What the task asks |
Your copy should match the listing word for word, apart from the pictures, which are left out.

Source material |
== Segment start ==
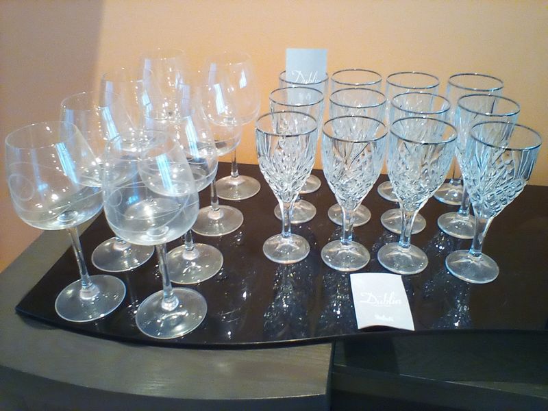 Crystal Stemware. Two sets: set/12 Shannon "The Dublin Collection" crystal wine glasses with gold trim; set/8 tall etched red wine glasses with modern swirl design.
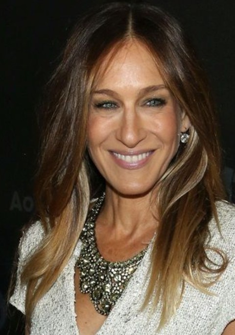 Sarah Jessica Parker chooses long layered do with center parting for her straight hair. She makes the hair in ombre do which adds more colors into her outfit.
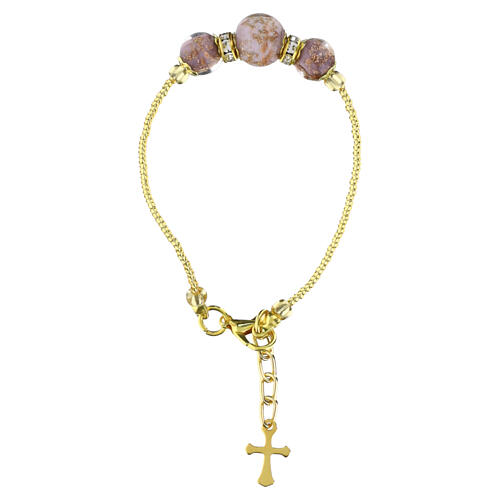 Pulseira 10 mm vidro de Murano lilás com cruz dourada
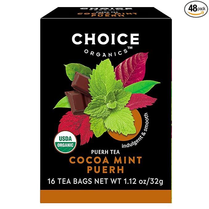 Choice Organics - Organic Cocoa Mint Puerh Tea (3 Pack) - Organic Puerh Tea - 48 Tea Bags
== Segment end ==
Exercise response |
 Crystal Stemware. Two sets: set/12 Shannon "The Dublin Collection" crystal wine glasses with gold trim; set/8 tall etched red wine glasses with modern swirl design.
 Sarah Jessica Parker chooses long layered do with center parting for her straight hair. She makes the hair in ombre do which adds more colors into her outfit.
 Pulseira 10 mm vidro de Murano lilás com cruz dourada
 Choice Organics - Organic Cocoa Mint Puerh Tea (3 Pack) - Organic Puerh Tea - 48 Tea Bags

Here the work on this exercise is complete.